Anything except a starter.

This isn’t meant to be mean; it’s just the truth.

Entering Thursday’s contest against Seattle, he had ten starts, a 3-9 record with a 5.28 ERA and two of his last seven starts lasted less than three innings.

In Thursday’s game Franklin Gutierrez doubled to right and Kyle Seager singled to left in the first inning—allowing one run to score—and Duensing only got out of the inning when a double play was turned behind him.

In the second inning, Justin Smoak, a struggling prospect in the Mariners organization, led off with a walk.
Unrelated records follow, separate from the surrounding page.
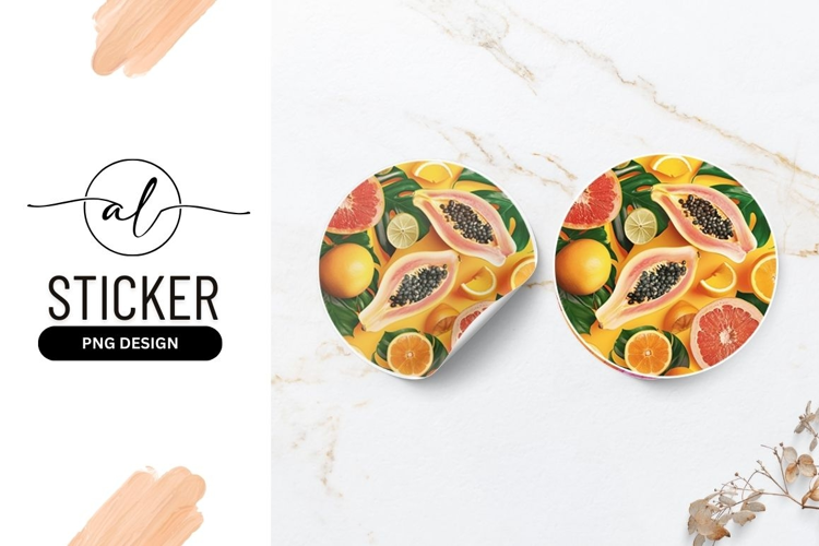 Vibrant tropical fruits round sticker png design example image 1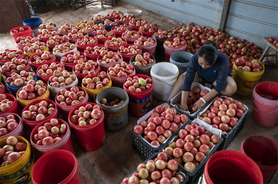 小小西红柿,映红致富路。进入6月,位于老池镇响水洞村7社的学田专业种植合作社的西红柿大量成熟上市销售。一个个红艳艳的西红柿挂满枝头,映衬着青翠欲滴的枝叶,分外诱人。学田专业种植合作社负责人林杰告诉记者,今年该合作社的西红柿种植面积为20余亩,目前正是批量成熟季节,每天采摘量在2吨左右,产品不愁销,主要销往遂宁纵横农副产品批发市场,每公斤批发价4元左右。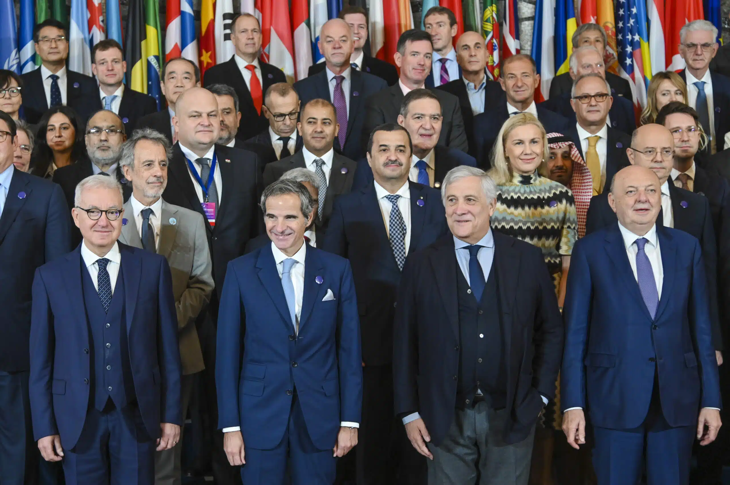 Pichetto incontra la stampa con il direttore dell’Aiea, Rafael Grossi, in una pausa dei lavori del gruppo, che riunisce i più importanti rappresentanti dei settori pubblico e privato, dell’industria, del mondo accademico, degli enti di ricerca e della società civile.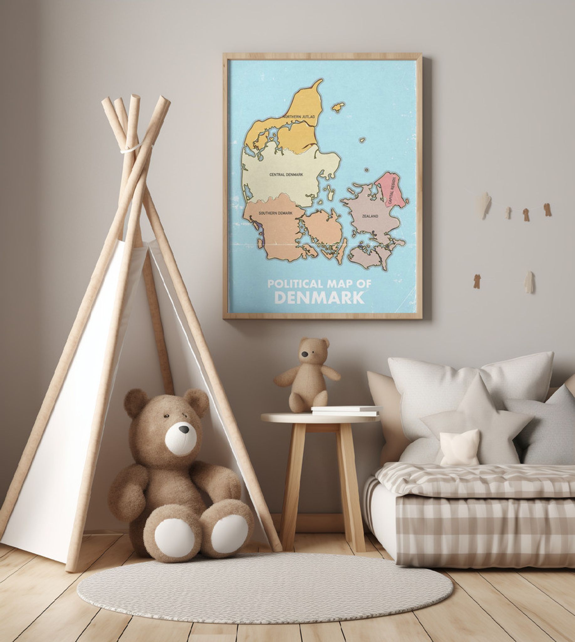 Vintage Denmark Political Map

For some reason, that turned on a switch.

Duensing retired the next nine batters.

It almost seemed that he did his own long relief!
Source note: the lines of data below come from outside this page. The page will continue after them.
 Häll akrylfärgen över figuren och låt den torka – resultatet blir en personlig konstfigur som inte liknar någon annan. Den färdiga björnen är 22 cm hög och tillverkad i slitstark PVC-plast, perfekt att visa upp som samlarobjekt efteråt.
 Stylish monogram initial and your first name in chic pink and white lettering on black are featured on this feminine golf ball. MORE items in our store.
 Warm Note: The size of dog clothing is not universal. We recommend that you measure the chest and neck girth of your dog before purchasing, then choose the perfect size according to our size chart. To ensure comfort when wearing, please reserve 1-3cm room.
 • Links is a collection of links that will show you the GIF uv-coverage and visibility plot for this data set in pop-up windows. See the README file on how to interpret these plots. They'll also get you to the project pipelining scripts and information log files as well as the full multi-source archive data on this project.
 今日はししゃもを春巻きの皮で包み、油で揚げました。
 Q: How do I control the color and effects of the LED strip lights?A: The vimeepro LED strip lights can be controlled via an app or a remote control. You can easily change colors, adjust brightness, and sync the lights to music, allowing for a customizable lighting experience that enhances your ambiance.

Things got uncorked in the sixth, when Brendan Ryan singled up the middle, Dustin Ackley walked and Gutierrez singled up the middle, bringing pitching coach Rick Anderson to the mound.
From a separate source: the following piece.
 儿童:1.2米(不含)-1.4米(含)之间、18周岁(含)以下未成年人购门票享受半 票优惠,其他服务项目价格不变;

Seager would score another a run with a sac fly, tying the game at two, and Duensing would be replaced by reliever Casey Fien and clapped off by the fans as he entered the dugout.

“He battled all the way through,” said manager Ron Gardenhire, “and once he started getting the ball up there in the sixth it was a really long inning.”

“It’s one of those outings that’s decent,” said Duensing, “not quite good enough.”

Gardenhire did not want to discuss a potential change in role for his pitcher following the game.

“He did a good job today,” said the skipper.

“I don’t want to take anything away from him right now and start talking about other stuff. That’s not the right way to go about it.”

The Twins aren’t being cruel by starting Duensing, they’re just dealing with the cards they have been dealt.

There are two reasons that he’s not in the bullpen right now:

For starters, the original starting rotation is no longer.

Carl Pavano and Scott Baker got injured, Nick Blackburn and Jason Marquis struggled and Francisco Liriano got traded.

Duensing is being used as an emergency replacement. The fact that he was the guy they called upon to make a spot start when Liriano was dealt is evidence of that.

Secondly, Anthony Swarzak is the incumbent long reliever.

The former starter turned long reliever appears to have the position on lock down.

It might not be a bad idea, however, to have two guys in the bullpen who can pitch long relief.

Swarzak is a righty and Duensing is a lefty, meaning that if things go haywire for a right-handed starter, the team can throw in Duensing knowing that the other team’s lineup has been set for a righty (or vice versa with Swarzak).

Furthermore, Duensing has had good stretches during poor starts, indicating that he’s able to handle four, five or six inning outings. He just can’t string them together on a regular basis.

Finally, and most pertinently, he likes to throw from the stretch, which is ideal for a guy in relief. After all, teams tend to use long relief when men are on base.

He could provide additional roles in the bullpen as well.

He’s left-handed, meaning he could be used as a specialist, and with Capps injured/being run out of town, he could become a setup man for Glen Perkins in the future.

There is a spot for Duensing on the Twins roster.

It’s just not in the starting rotation.

All quotes were obtained first-hand.